NZ ran the risk of being left behind as new export competitors emerged – such as a cultured milk product without the environmental and welfare challenges associated with animals.

“We must grow a lot less milk to enable processors with a greater ability to produce and deliver value-add products.”

Dairy industry leaders said it would be hard to find any NZ farmer that would disagree with the value-add ambition.

Fonterra chairman John Wilson said growing milk production and adding value to dairy products were not alternatives.

“Our farmers are very productive but they are always going to be on the grass curve, for which we need at peak production highly efficient milk powder driers, producing what a large number of our customers want to buy.”

Wilson pointed to the 20% of total milk going into consumer and foodservice products, equivalent to five billion litres.

Foodservice and consumer sales had grown by 15% and 5% respectively last financial year.

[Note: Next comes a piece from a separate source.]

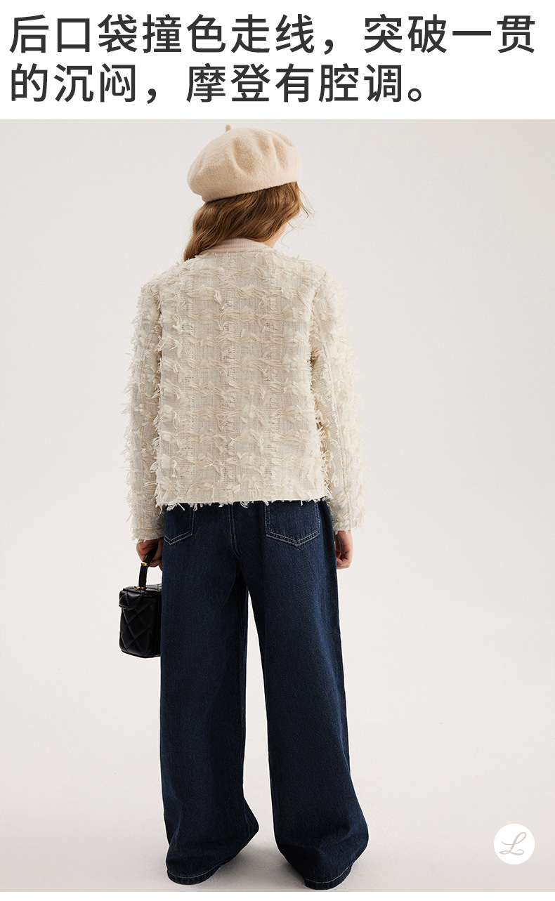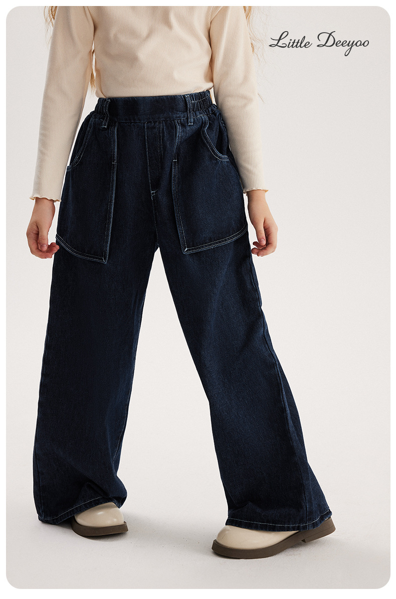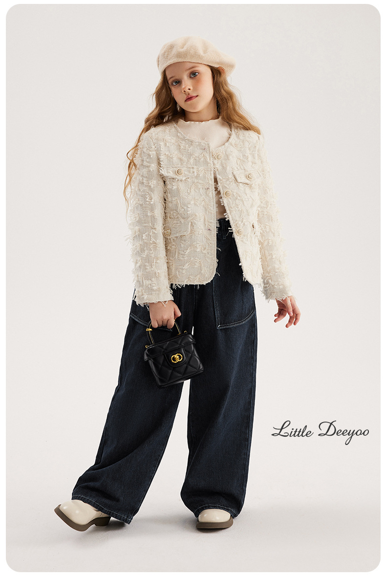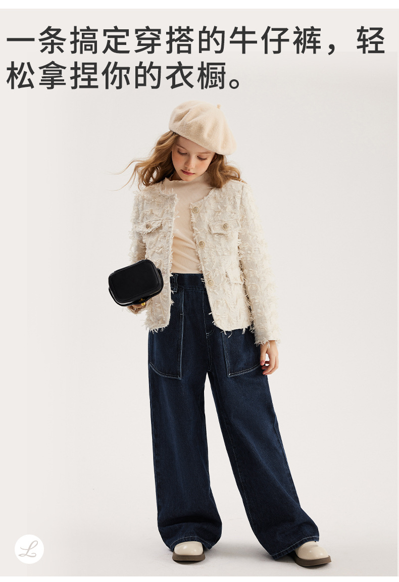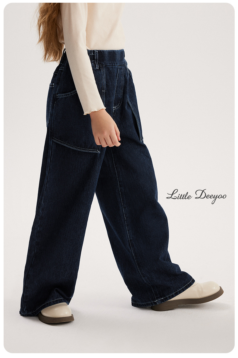 Xiaoding Youyoul 여자 밝은 라인 대비 스트레이트 청바지 2023 가을과 겨울 새로운 큰 어린이 복고풍 느낌 넓은 다리 바지

That value-add volume had grown by one billion litres over the past two years, and Fonterra’s target was 10b in 2025, plus its considerable volume of value-add ingredients, which were not just basic commodities.

He had no doubt that NZ milk volumes would quickly return to 2015 levels, given normal weather conditions, and Fonterra had to be able to process that peak production.

NZ farmers had done a superb job throughout the difficulties of the past two seasons, which had been caused by extraordinary one-off events like China’s milk powder buying, the end of European dairy quotas and the Russian trade embargo.

The recovery of world dairy markets to “balance” at about US$3000-3500/tonne whole milk powder produced a farmgate payout of $6 to $6.50/kg milksolids.

Fonterra farmers could have confidence that was sustainable because of low-cost milk production, most-efficient processing and supply chain management, and added value through innovation.

Wilson partly agreed with Proudfoot when he called for the repeal of the Dairy Industry Restructuring Act (DIRA).

Proudfoot said it was sustaining uneconomic and environmentally marginal milk supply. This would expose the dairy industry to the same overcapacity that had plagued the red meat industry for 20 years, he added.

Instead of building processing capacity for growing milk peaks, capital had to be redirected into brands, consumer experience and NZ product differentiation.

What Wilson called the frustrations of DIRA legislation had potentially exposed the co-operative to overcapacity.

Open entry and exit was well past its use-by date, certainly since Fonterra had a robust milk price mechanism and Trading Among Farmers.

The requirement to pick up all milk had driven the development of some ecologically fragile land, Wilson agreed.

“A farmer has to do no more than think about converting more land, growing his milk supply, or coming back to Fonterra, and the board has to ensure that we have the processing capacity for him.

“That is patently ridiculous, because all farmers carry the underwriting cost of that, and it does bring the potential of stranded assets.

“I say potential, because we are not there yet.”

DairyNZ chief executive Tim Mackle said that more cows and more milk was only one of the options facing the NZ dairy industry, and individual farmers.

“There are areas of the county where, for various reasons, we can’t have any more cows while other areas can have more, if the increase is managed correctly.

“The Land and Water planning process is the basis for that discussion, as long as the engagement with the community is based on objective science.”

Mackle agreed that farmers and those who support them have come through a major slump and that there were lessons to be learned.

“There will be another, but it doesn’t have to be as difficult if in the meantime we use what we already know to future-proof farm businesses.”

DairyNZ would find those farms that came through the downturn well and publicise their structures and methods.

Recovery was well under way and the DairyNZ break-even milk price had risen, as farmers fed more supplements and did some deferred repairs and maintenance.

“Overall, the job is not done yet of getting our businesses into a strong and resilient shape,” Mackle said.